52 - UMA NOITE TENSA







52 - UMA NOITE TENSA

Duarte nunca havia se sentido tão impotente antes em toda a sua vida. Ele se sentia um mero espectador na reunião marcada pelo Delegado Vicente. Os assuntos que debatiam lhe eram totalmente estranhos. Primeiro o Delegado perguntou para Zacarias sobre todas as histórias de assombração que este conhecia, das mais inocentes até as mais escabrosas. E as escutava com toda a atenção do mundo, dando-lhes uma importância que, com toda a certeza, não tinham... afinal, eram historinhas para assustar as crianças malcriadas no final do dia... e mais do que isso não poderiam ser... quem, em sã consciência, poderia realmente acreditar em um ser que usava um redemoinho como meio de transporte e que poderia ser aprisionado em uma garrafa?  Bom, ao que tudo indicava, Vicente acreditava. Em sua frente havia um bloco de notas e, de vez em quando ele o consultava. Quando achava que algum ponto da história não estava claro o suficiente, pedia para seu interlocutor repetir. Fazia várias perguntas sobre alguns tópicos... ou seja, estava realmente levando a sério aquela patacoada. Já passava das dez da noite, e Vicente não dava sinais de que iria encerrar a conversa com Zacarias. Duarte estava nervoso porque, além de tudo, ainda não haviam feito uma pausa nem mesmo para comer alguma coisa. Depois de muito ponderar, resolveu interromper a conversa, ao menos por algum tempo...
- Delegado...
- O que foi, Duarte?
- Eu não sei o senhor, mas acredito que ninguém aqui já comeu alguma coisa...

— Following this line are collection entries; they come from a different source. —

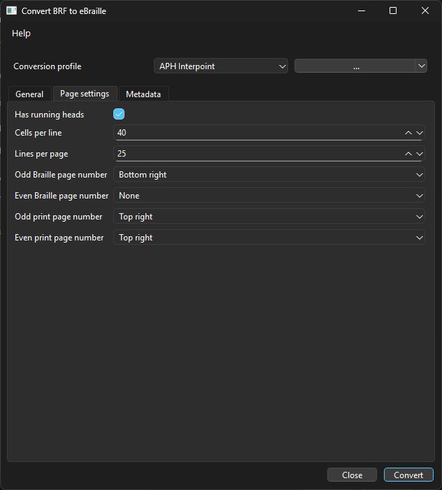 The BRF to eBRL Converter is a Windows application designed to transform traditional BRF files into modern eBraille documents. It preserves the original formatting of the BRF while enhancing the file with essential eBraille components including dynamic formatting and improved navigation. If tactile graphics are available, the converter seamlessly splices them into the output, ensuring a complete and accessible document. Conversions are handled one file at a time, giving users precise control over the process. During conversion, users can add or edit metadata to enrich the final eBRL file. To streamline repeated tasks, the converter supports user-defined profiles that store formatting preferences, making future conversions faster and more consistent. This tool bridges the gap between legacy BRF materials and the eBraille standard, simplifying workflows for educators, transcribers, and braille readers.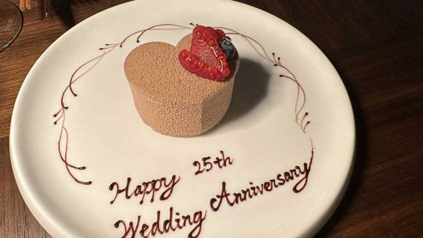 2023年は私達夫婦の結婚25周年だったので、メッセージ入りのサプライズケーキをいただきました。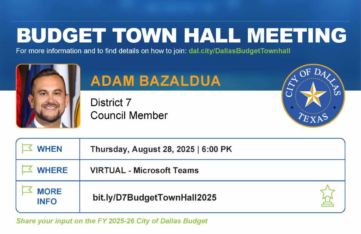 Upcoming Agenda Item #25-2514A Substantial Amendment No. 1 to the FY 25-26 Action Plan, 5 Year Consolidated Plan and Budget: In this memo you will find details on the August 27, 2025 agenda item authorizing execution of the Financing Agreement with the Texas Water Development Board for the fourth year of a five-year, $170 million SWIRFT funding commitment supporting Dallas Water Utilities’ water main replacement program. This year’s $34 million bond issuance will provide low-cost financing through TWDB’s AAA-rated program, with Council ordinance approval scheduled for October and bond closing in December 2025.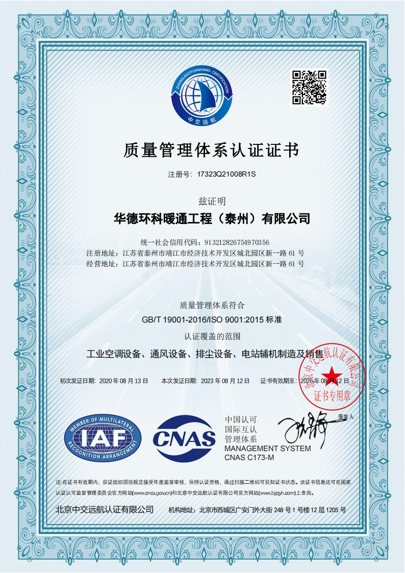 华德环科暖通工程(泰州)有限公司,地处江苏省泰州市靖江城北园区新一路61号,是2021年初由靖江市华德暖通工程有限公司升级更名而来。现华德环科工程公司下辖华德环科暖通工程公司、靖江市华德环保设备制造有限公司、华之德能源工程泰州有限公司等三大产业板块,致力于暖通工程、水务环境以及能源安装工程等系统设计开发、设备制作及安装等一条龙产业链。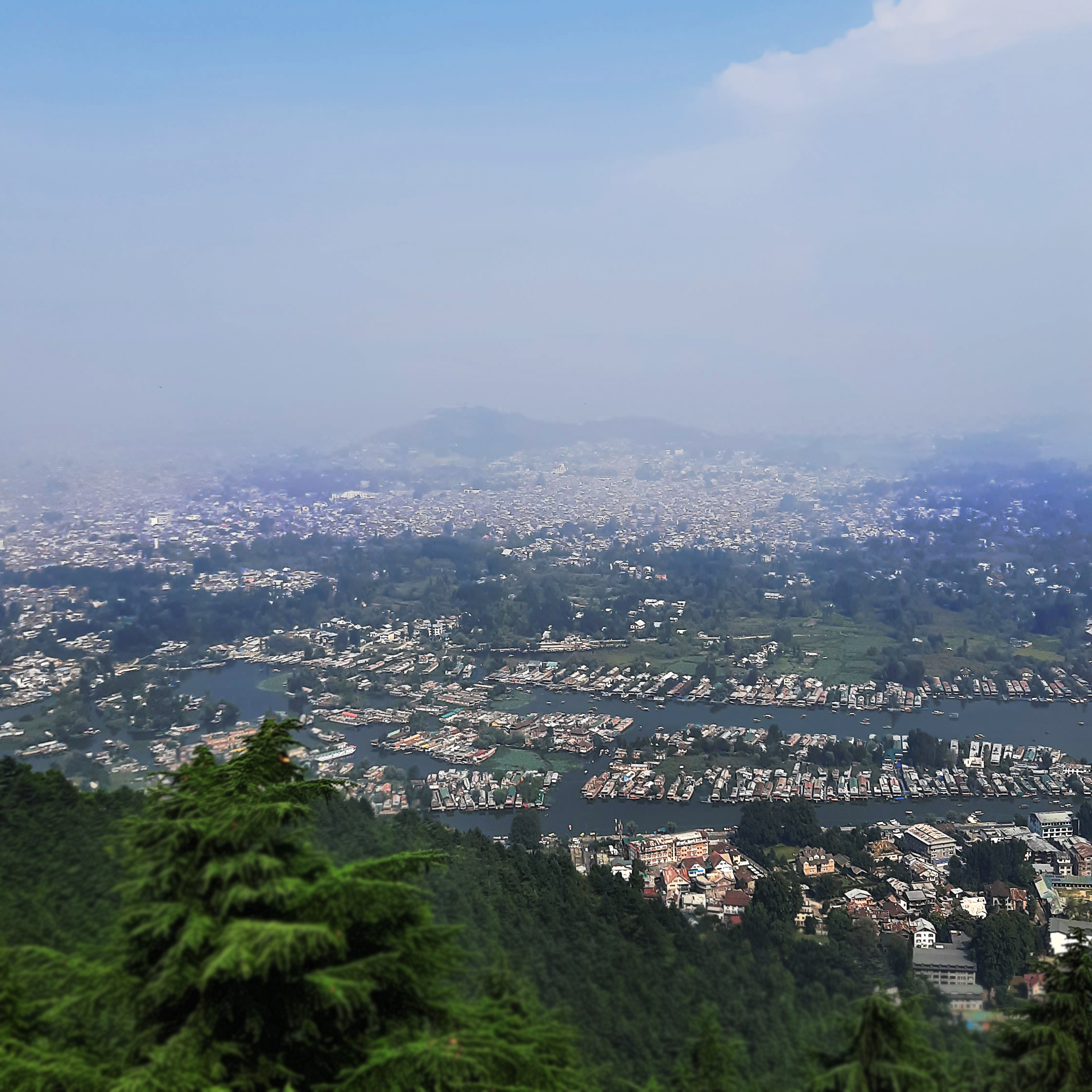The houseboats have taken over the entire peninsula like portion of the southern end. When seen from the Shankaracharya temple, the portion looks like a large parking lot.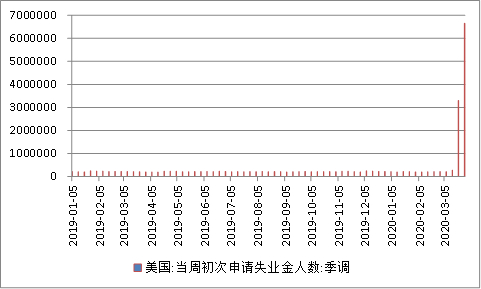 美国就业数据方面,3月28日当周美国首次申请失业救济金人数从前周的328.3万攀升至664.8万,大幅高于预期,创历史新高。过去两周累计有近1000万人申请失业救济(2000-2020年周均值仅为34万),表明劳动力市场正承受着巨大压力。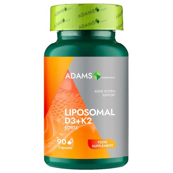 Liposomal D3 + K2 Forte - Adams Supplements Bone System Support, 90 capsule: vitamina D3 100 mcg / 4000 UI si vitamina K2 500 mcg sustin imunitatea, sanatatea oaselor si contribuie la utilizarea corecta a calciului si a in organism. Tehnologia lipozomala protejeaza ingredientele active pentru a spori rata de absorbtie si eficienta. Sprijina mentinerea sanatatii oaselor si a dintilor si contribuie la functionarea normala a sistemului muscular. Vitamina K2 sustine sanatatea sistemului osos si coagularea normala a sangelui. Supliment alimentar recomandat sportivilor sau persoanelor active care solicita sistemul muscular, persoanele cu expunere redusa la soare, pentru mentinerea sanatatii oaselor (varstnici, femei, persoane sedentare).
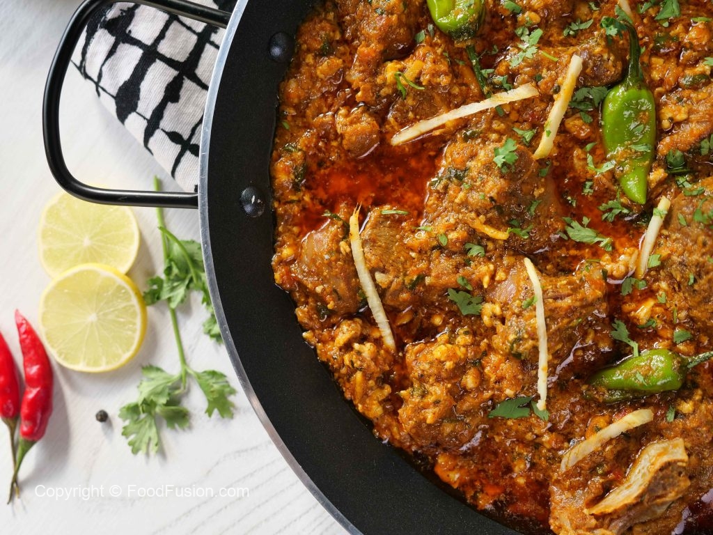 -Karahi mein cooking oil,mutton,pink salt aur makhan daal kar dhak dein,chulha on karein aur darmiyani ancch per makhan melt hone dein phir achi tarah mix kar ke high flame par 4-5 minutes tak paka lein.
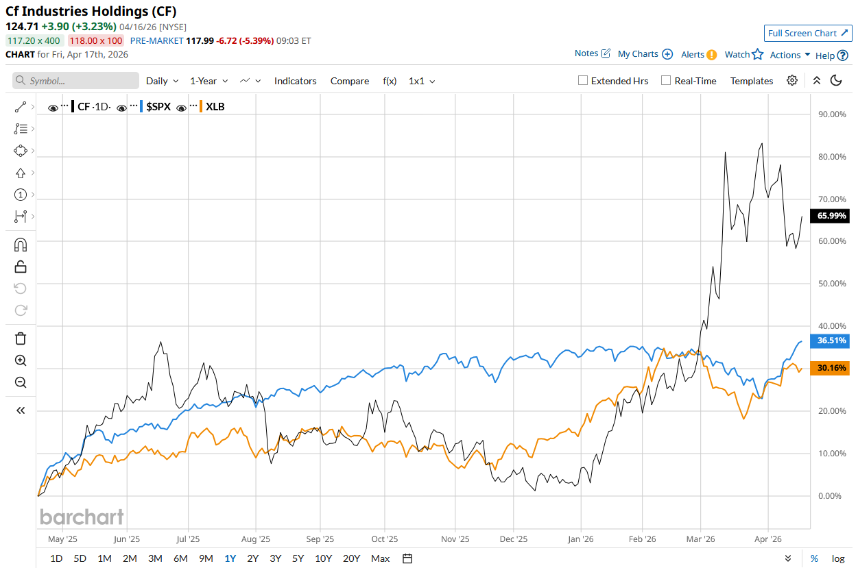 On Apr. 16, CF stock rose 3.2% amid concerns that the US blockade of the Strait of Hormuz would disrupt global fertilizer supplies. Fertilizer costs have gone up by nearly 50% in some markets, ever since the start of the Iran war. Due to disruptions in the supply chain, farmers and corporations are facing a lack of supply in ammonia and nitrogen-based fertilizers, or higher prices, potentially leading to a surge in food prices for consumers and exacerbating food insecurity around the world, according to analysts.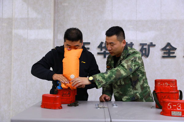 在前期組織一輪自救器使用操作的理論學習熱潮之后,礦井立即組織開展了一輪實操培訓和隨機抽查。救護隊員來到基層區(qū)隊班前會、全員安全考試培訓中心、副井口候罐大廳等地,辦起了實操課堂,救護隊員一邊演示、一邊講解,手把手講授方法技巧。“眼過千遍,不如手過一遍”,培訓鼓勵職工輪流進行實操演練,詳細講解正確佩戴和使用自救器。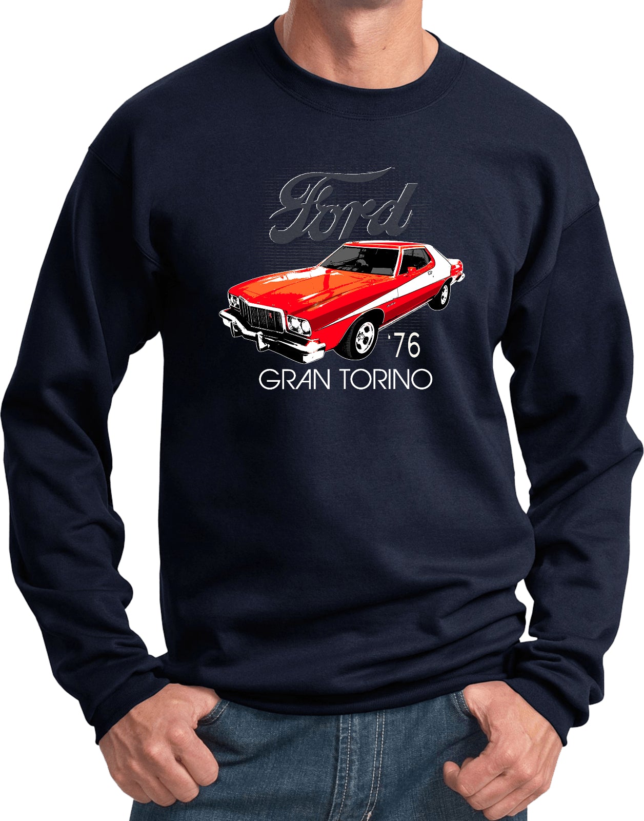 • A pullover sweatshirt featuring a red 1976 Ford Gran Torino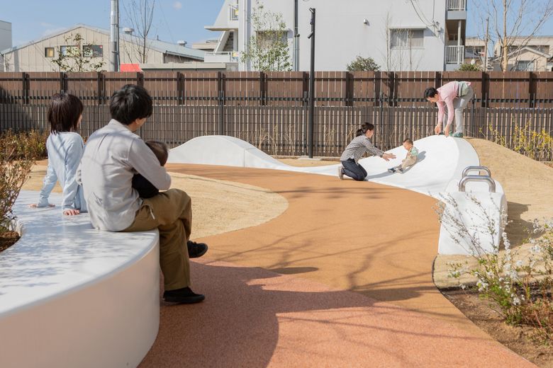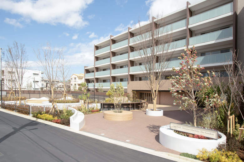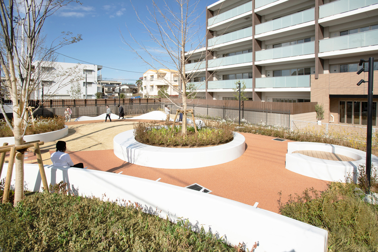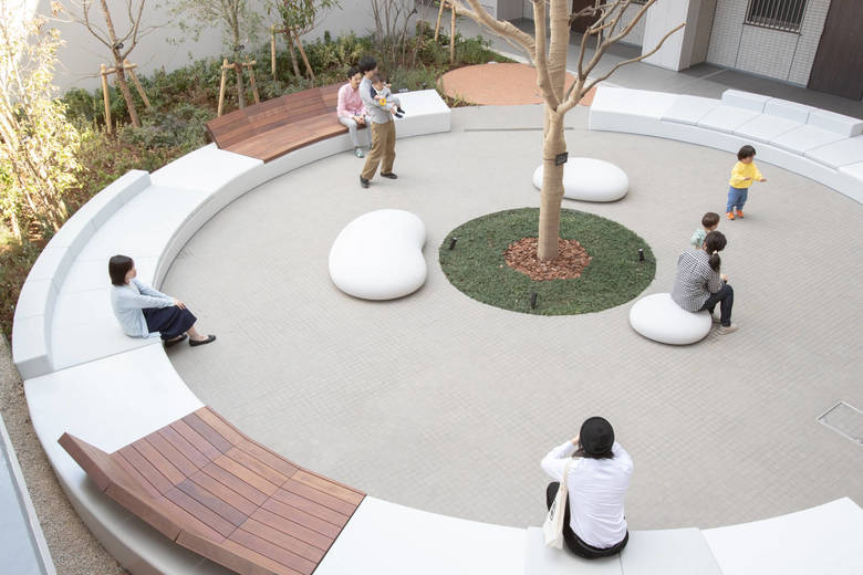 Duo Hills Minami-Machida THE GARDEN is situated near Minami-Machida Station, which has become a popular area due to recent developments, including the construction of large-scale commercial facilities near the station. Many people have moved to this area and a new community is growing. Our concept for the landscape design was "circles that bond," and we placed many features that allow activities within the garden to be visible and ready for interaction. In doing so, we hoped to make a new addition to what the town has to offer. Inside we created three areas: the entrance approach, an inner circular garden that functions as a communal space, and the "arena garden" public area. We placed a large ring of sofas in the inner circular garden that allows people to sit facing each other while enjoying natural elements. In the entrance approach and the arena garden we used a design that incorporates various linked spaces with circular motifs that join the residents with people who live in the wider area. Our idea was that these spaces would work as a bond between the different groups.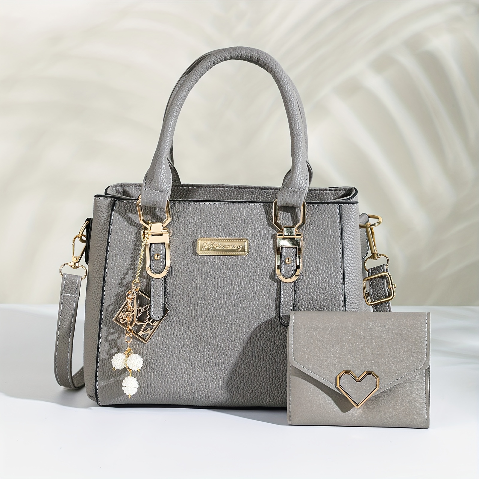 Ensemble 2 pièces sac à main et portefeuille femme, multi-poches, bandoulière, pendentif, polyvalent pour travail et voyage, cadeau parfait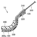 樹脂層400は、センサフィルム200a、センサフィルム200bおよび複数の機能層300を覆うように、ベースフィルム100の内面110bおよび最もZ方向側の機能層300(第2近傍の中間層)の双方に(図5Kおよび図5L参照)、またはベースフィルム100の内面110bおよびセンサフィルム200b(第2近傍の中間層)の双方(図5M参照)に固定されている。
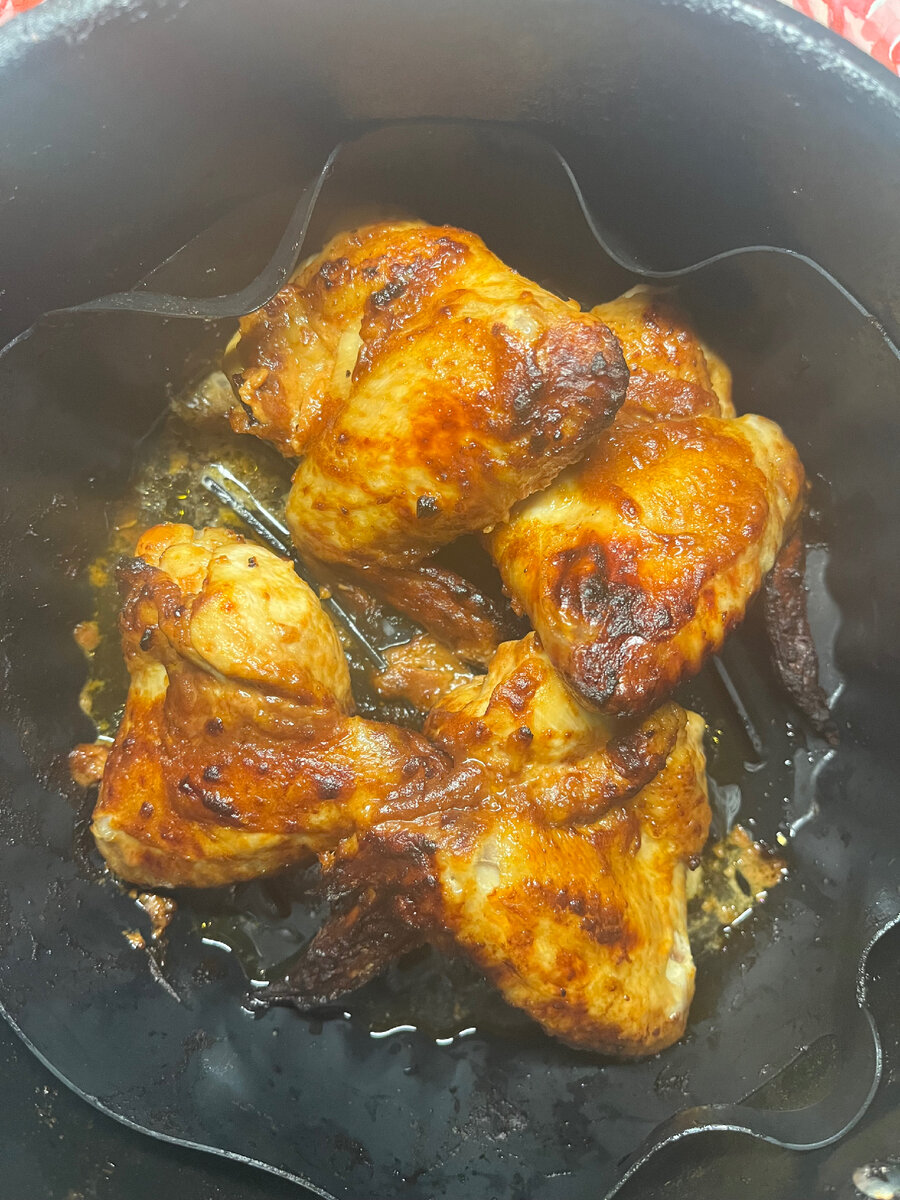 Приготовим простую, быструю и легкую в приготовлении закуску к пенному. нам понадобится: Крылья моем, крайнюю фалангу можно удалить, я ее оставил, так же можно крылья разрезать пополам по суставу, кому хочется. В миске готовим маринад из остальных ингредиентов, перекладываем крылья в маринад и все хорошо перемешиваем. Можно накрыть крышкой, пищевой пленкой и убрать в холодильник, 30 минут достаточно, я использовал вакууматор, переложил крылья в специальный пакет, залил все маринадом и выкачал весь воздух из пакета, и так же убрал в холодильник на 30 минут. Считается, что в вакууме, мясо маринуется быстрее чем без него, я этого не проверял, ничего сказать не могу. Перекладываем крылья в чашу прибора, выставляем 180 градусов на 10 минут, достаем крылья, переворачиваем их, поливаем остатками маринада и снова ставим в аэрогриль на 10 минут После звукового сигнала, достаем крылья и наслаждаемся прекрасной закуской не только к пенному но и к любому гарниру. приятного аппетита!!)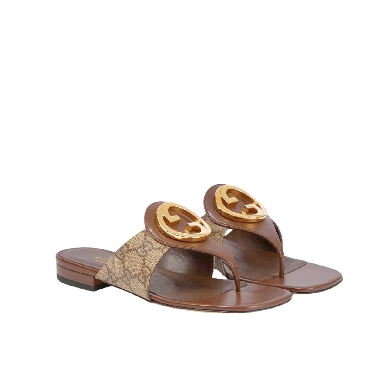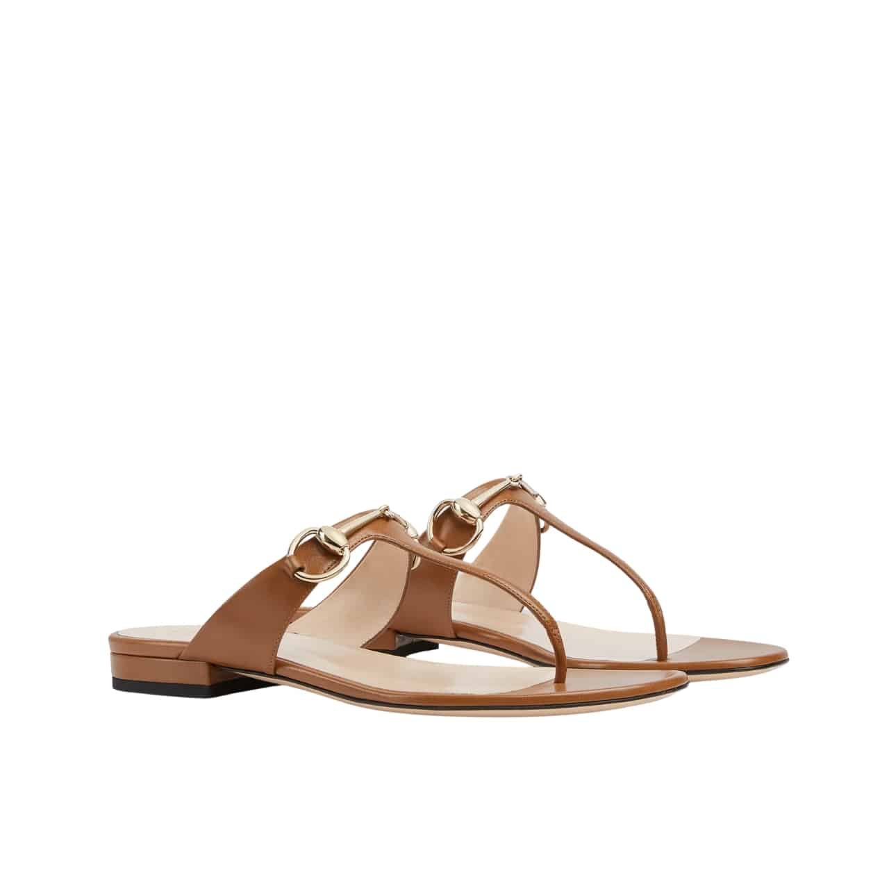 Gucci Women’S Thong Sandal With Horsebit Brown

Vicente fez ar de assombro... não havia percebido que as horas tinham avançado tanto...
- Nossa... que horas são, Duarte?
Duarte consultou seu patacão, presente de formatura que ganhou de seu pai...
- Onze da noite, chefe... e a gente ainda não jantou.... o pior é que não tem onde comer, a essa hora...
- Pessoal, me perdoem... não vi o tempo passar...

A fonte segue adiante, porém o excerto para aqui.